For businesses and investors, it’s a stark sign of what’s to come. While speed of development has won out so far, we’re now entering a new era in which reliability, safety, and control will define the companies that exploit AI to their advantage. Investing in AI that stakeholders can trust is becoming just as important as investment at scale – a specific lesson for investors involved in much larger deals, like the £150 billion commitment the US recently made to the UK.
Current models that have, until now, received the most attention unfortunately fall short in this respect. Many had predicted that by 2025 companies across the spectrum would be using LLMs to propel their businesses forward, but BCG research shows that its use by frontline employees has stalled at 51% and leaders are struggling to justify ROI. This is especially true in regulated sectors like law and finance where accuracy and explainability are tantamount to success.
One of the biggest barriers to their adoption is that they’re opaque by nature; they generate predictions and decisions based on vast amounts of data but provide little insight into how they’ve reached them. The black box nature of their decision making is in fact an essential feature of the models themselves; they are prediction machines rather than truth seekers. In other words, businesses need another kind of AI if they are to use it to optimise their processes at scale and in line with new legislation like Italy’s.
The solution with neurosymbolic models
The solution to this problem lies in a model that prioritises explainability from the ground up. Neurosymbolic AI, an approach that combines deep learning with rule-based symbolic reasoning, offers one way of doing this.

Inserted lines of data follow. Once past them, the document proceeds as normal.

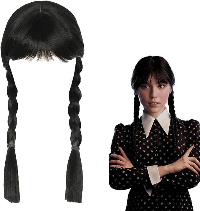 Completa il tuo look gotico con questa parrucca ispirata a Mercoledì Addams, perfetta per Halloween, cosplay, feste a tema, eventi anime, fumetti, sfilate o semplicemente per divertirsi con un nuovo stile!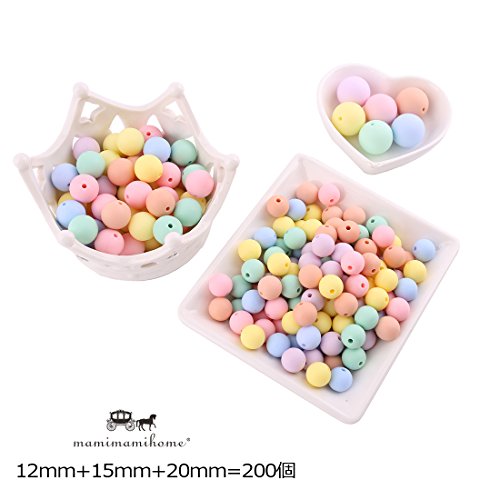 Mamimami Home 歯固め シリコーン製 ビーズ 12-15 - 20 mm キャンディー色 200個 噛がため 丸ビーズ ネックレス おしゃぶりホルダー DIY 材料パッケージ [プラスチックボトル]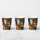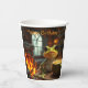 Diese Party-Papiertassen haben einen Frosch, der am Feuer Kaffee hat.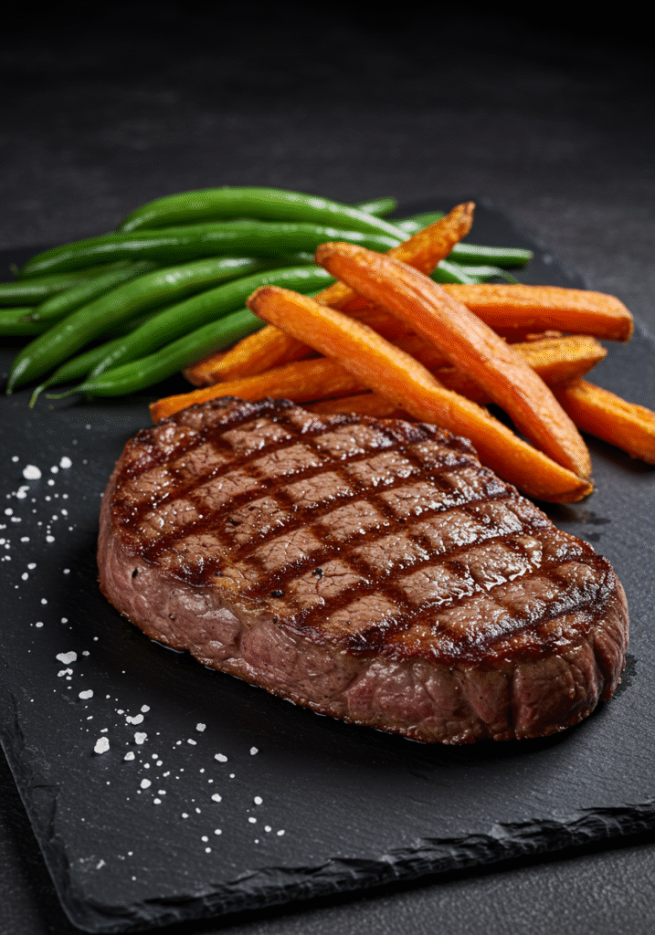 Classic steakhouse dinner at home with juicy steak, crispy sweet potato fries, and fresh green beans.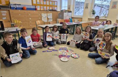 Die Gruppe 1ab hat sich durch das kalte Wetter nicht die Laune verderben lassen. Gemeinsam haben wir bunte Pinguine gebastelt.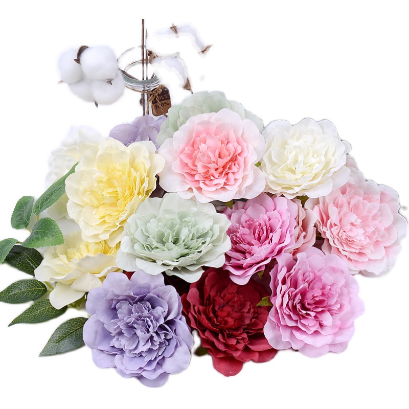 Small Qing new color system emulation peony flower head silk cloth fake flowers DIY handmade material home living room decorated desert rose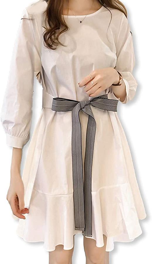 ・春夏秋冬ロングシーズンで大活躍のミドル丈ちょう結びドレスワンピース*春~秋にかけては気候や気温に合わせて、 カーディガンやセーター、ジャケットやブルゾンといったトップスと組み合わせることで、季節に合わせたオトナのコーディネートを 楽しむことができます。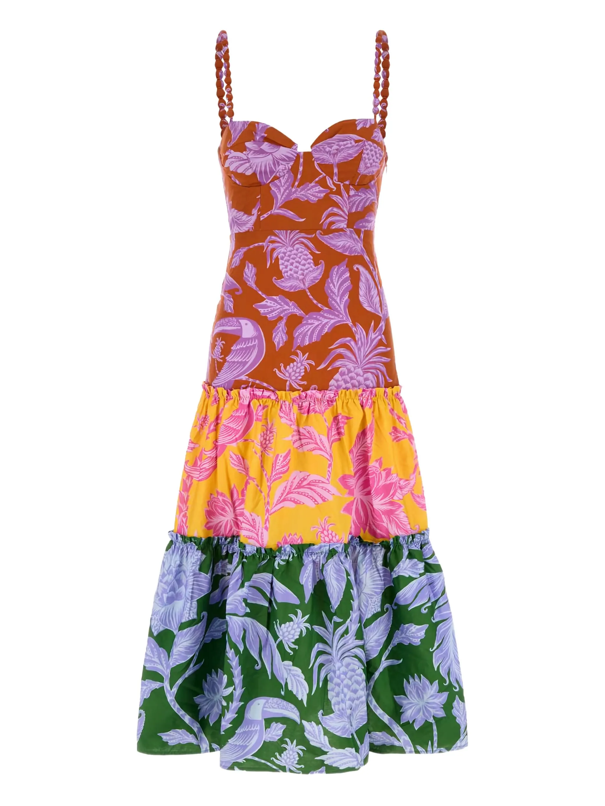 Ярусное платье миди с принтом Farm Rio, розовый 61 471₽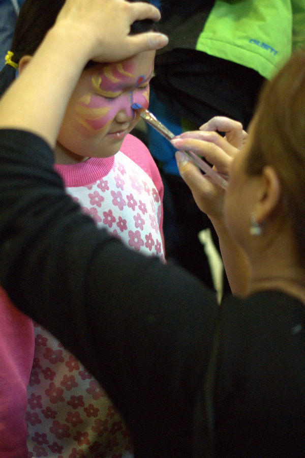 小朋友在廟會(huì)展場(chǎng)上畫臉。[攝影:陳世勛]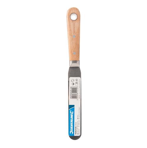 Spring-tempered steel blade. Pinned hardwood handle. For mixing and folding paints, pigments and epoxy resins. Hanging hole.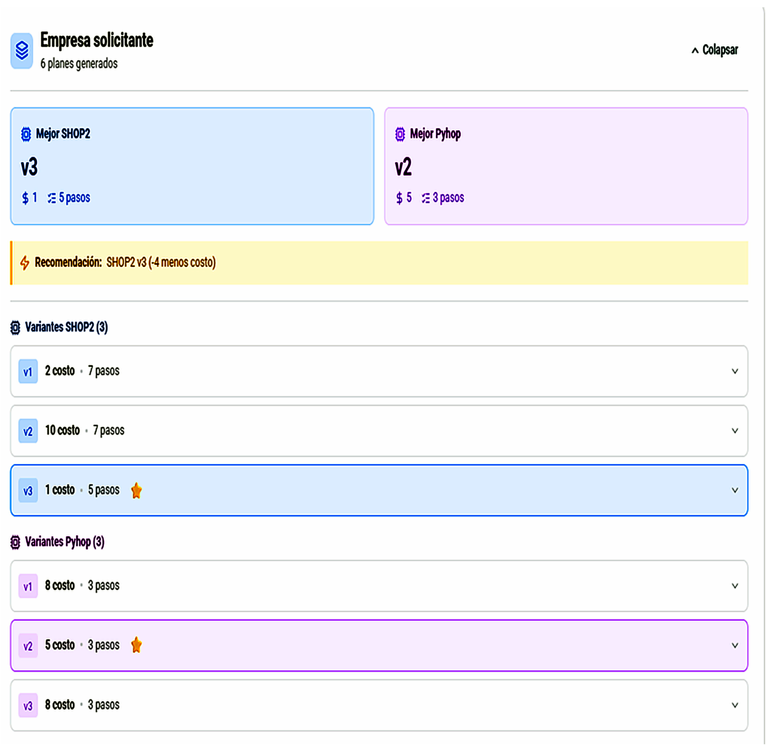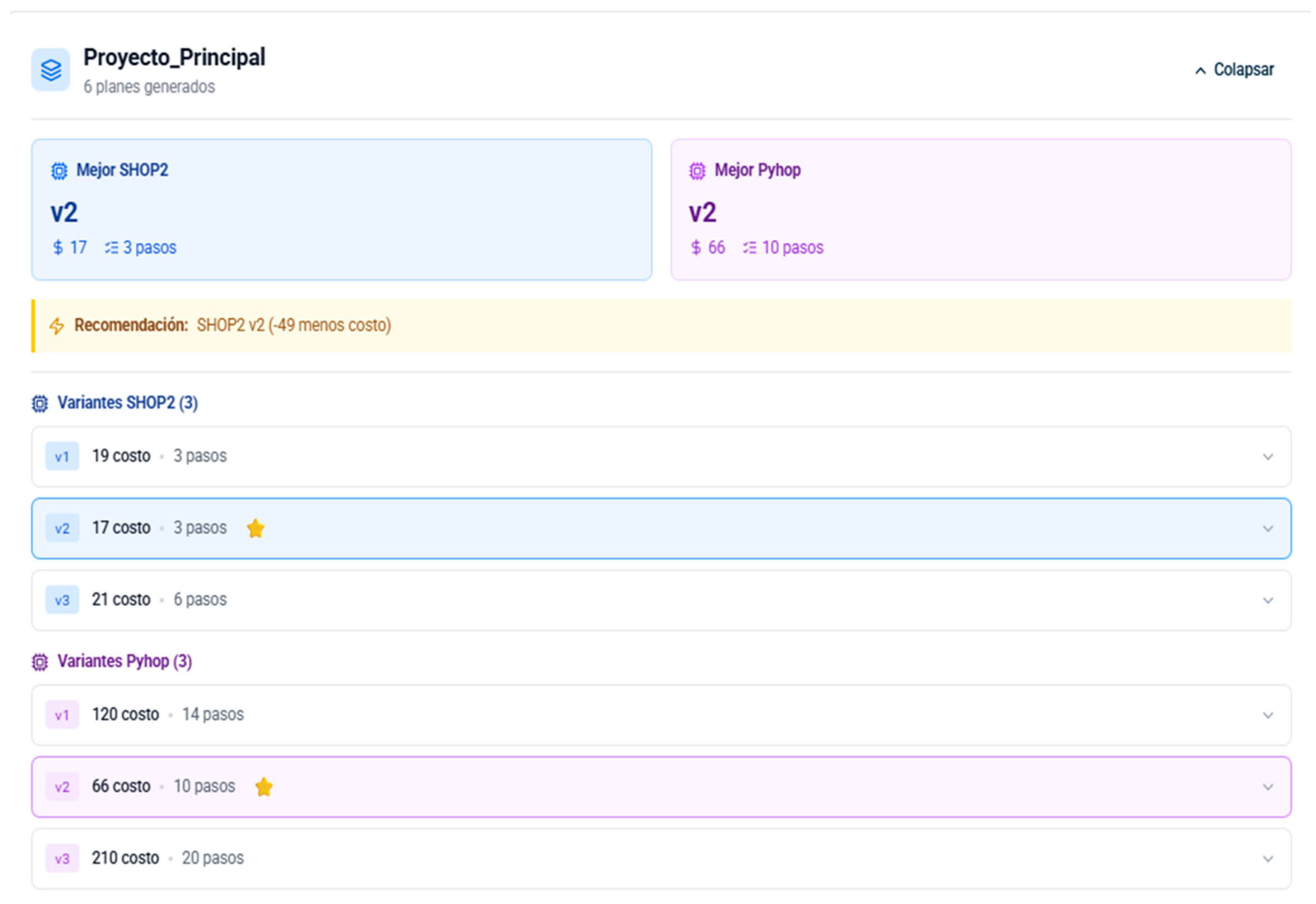 Analyzing the National University of Colombia block reveals a clear trade-off between economic efficiency and plan length: SHOP2 is selected as the best in its family with a cost of 6 and 7 steps, while PyHOP v3 has a cost of 7 with 4 steps. Consequently, the platform recommends SHOP2 because it is one unit cheaper, even though the plan is longer. This behavior suggests that, for this project, the search process penalizes certain decisions more significantly than simply reducing the number of activities. In terms of interpretation, PyHOP seems to produce plans with fewer steps but a higher overall cost; SHOP2, on the other hand, achieves preferable solutions, which is consistent with scenarios were breaking down activities further allows for choosing less expensive alternatives.

Unlike traditional LLMs, neurosymbolic AI structures its understanding in a deterministic and interpretable manner by transforming data into symbolic representations that outline their meaning in structured, machine-readable formats.
The neurosymbolic AI that we’ve developed here at UnlikelyAI, for example, can take a document as an input, analyse it, and then translate it into our proprietary symbolic representation. The model can then represent the document’s meaning explicitly, instead of inferring it based on statistical patterns alone. An agent then validates that logic using a set of ‘training scenarios’ designed to ensure accuracy, capable of delivering precise, explainable decisions for millions of scenarios, whether they’re insurance policies, loan applications, or financial checks.
This ability to generate structured, traceable explanations will be critical as new laws around AI continue to emerge around the world. If an AI system denies a job application, for example, it will need to be able to pinpoint the exact reasons for its decision. Neurosymbolic AI ensures this by maintaining a logical and reproducible reasoning path, bridging the gap between technical complexity and human understanding.
An end to AI’s ‘Wild West’ era in Europe
Italy’s new legislation is of an importance far greater than the size of its investment or discrepancies with minor aspects of its language. In essence, it is heralding the beginning of the end for AI’s ‘Wild West’ era in Europe. The effects will likely ripple outwards to other parts of the world, too.
Organisations that want to benefit from AI will now be held to much higher standards, and it will become quickly evident that many existing approaches are insufficient. Instead, they’ll need to adopt other models that prioritise safety, transparency, and explainability. Neurosymbolic AI is one of them, and through it, all stakeholders will be able to access the benefits of AI without compromising innovation or performance.